4. Polarisasi Sosial
Polarisasi sosial dapat diartikan sebagai masyarakat yang terpisah  dari yang lain karena perbedaan pandangan, nilai, ataupun kepentingan. Dalam kaitannya dengan media sosial sebagai wadah demokrasi, polarisasi menyebabkan seseorang terjebak dalam kelompok-kelompok yang memiliki pandangan serupa dan menghindari pandangan yang berbeda. Hal tersebut menyebabkan dialog yang konstruktif menjadi terhambat dan memperburuk perpecahan dalam masyarakat.
Solusi Dari Problematika media sosial sebagai wadah berdemokrasi
Hadirnya media sosial memang berguna bagi wadah berdemokrasi masyarakat. Namun, dampak negatif yang hadir juga sangat destruktif dan mengancam integrasi bangsa. Menurut pandangan saya, diperlukan beberapa solusi sebagai langkah pemecahan masalah ini, beberapa hal yang dapat dilakukan terangkum sebagai berikut:
1. Peningkatan Literasi Digital
Di era disrupsi informasi seperti saat ini, segala bentuk informasi tercecer di berbagai platform media sosial. Kondisi tersebut memungkinkan tersebarnya berita yang tidak terverifikasi dan juga hoax. untuk mengatasi hal tersebut, literasi digital menjadi langkah untuk mengikis problematika tersebut. Literasi digital adalah kemampuan dalam memanfaatkan media digital, seperti alat komunikasi dan juga internet.
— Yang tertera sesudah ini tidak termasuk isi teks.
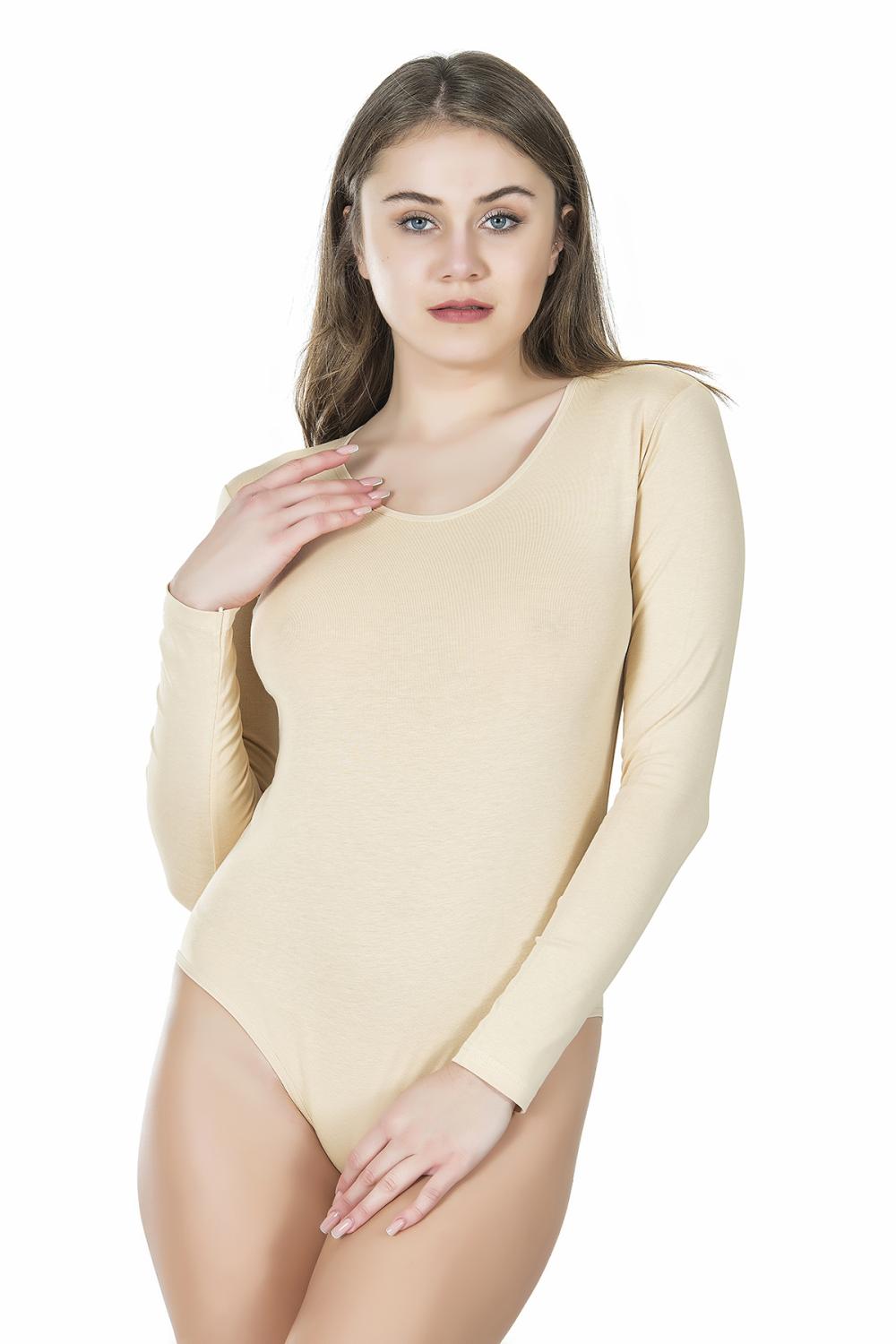 Derya Kurşun Bisiklet Yaka Uzun Kol Çıtçıtlı Kadın Ten Body 321

Adapun kemampuan yang dimaksud adalah menemukan, memanfaatkan, menggunakan, dan mengevaluasi dengan bijak segala informasi yang beredar.
2. Regulasi Hukum Oleh Pemerintah
Untuk mengatur dampak negatif dari penggunaan media sosial sebagai wadah berdemokrasi, diperlukan seperangkat peraturan agar demokrasi di media sosial berjalan sehat. Saat ini, terdapat peraturan yang berfungsi untuk mengatur aktivitas dunia maya, termasuk media sosial, transaksi elektronik, dan konten digital, peraturan tersebut adalah UU ITE. UU ITE merupakan peraturan yang tepat dalam menangani semua permasalahan media sosial, di mana, peraturan ini menangani penyebaran informasi hoax kejahatan siber, serta tindak pidana ujaran kebencian. Namun, peraturan ini mengalami beberapa kelemahan, dimana, terdapat pasal karet yang berpotensi disalahgunakan. Untuk itu, diperlukan beberapa perbaikan atau revisi pasal agar peraturan ini menjadi lebih tepat sasaran dan efektif untuk menangani dampak negatif dari media sosial.
3. Pengimplementasian Sistem Cek Fakta Oleh Platform
Berbagai platform media sosial yang menjadi tempat berdiskusi dan bertukar pikiran masyarakat dapat menyediakan sistem fact-checkers dan labeling. Hal ini berguna untuk mengurangi penyebaran hoax yang mempengaruhi opini publik. Jika perlu, platform tersebut dapat melakukan penyaringan secara langsung dengan langsung menghapus berbagai informasi yang salah.